What if we don’t eat enough carbohydrate?
Not eating enough carbohydrate can lead to low blood sugar levels, known as ‘hypoglycaemia’ causing us to feel weak and drained.
It can also cause us to feel light headed and lose concentration, as our brains need a steady supply of energy to function properly.
Once our bodies have used up our stores of glucose in our muscles and liver, it begins to breakdown some stored fat as fuel, but quickly moves on to use the protein in our muscles and heart.
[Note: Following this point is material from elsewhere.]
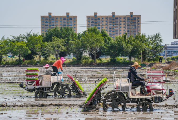 从今年全市春季农业生产现场会上可以发现,科技与农业的深度融合,重塑着各大生产环节。在利丰农业专业合作社基地的自动育秧播种线上,摆盘、撒土、浇水、播种、盖土,一个个秧盘快速完成;工厂化育秧大棚内,“甬优4949”整齐排列,一茬茬新绿挂着水珠,迸发无限生机。

People with diabetes or those who take part in very active sport are especially at risk of hypoglycaemia, if a steady blood sugar level is not constantly kept in check.
How much should we eat?
We should aim to have enough complex ‘starchy’ carbs to make up over a third of the food we eat. Try to base most meals on starchy carbs, vegetables and fruit, choosing wholegrain varieties of carbs when possible.
They are a great source of fibre, slow release energy and contain more nutrients such as calcium, iron and b-vitamins.
Don’t carbs make you fat?
This is a common sweeping myth, which has helped to fuel the low-carb fad diet industry.
We get our fuel (energy) from the carbohydrates, protein, fat and alcohol we consume in our diet. If we consume more energy than we use up, it will be converted into fat and stored around our bodies no matter where it comes from.
Carbohydrates contain less than half the calories of fat, so it isn’t the carbs or any other single nutrient increasing our waistlines, its a combination of many factors.
Making sure we eat the right type of carbohydrates though is very important, such as
- Starchy carbs
- Wholegrain varieties
- Vegetables and whole fruit
Keeping our high sugar and fat foods and drinks, alcohol intake and portion sizes in check, will all help to make sure we don’t add any extra inches and reduce our overall risks of developing dietary related diseases.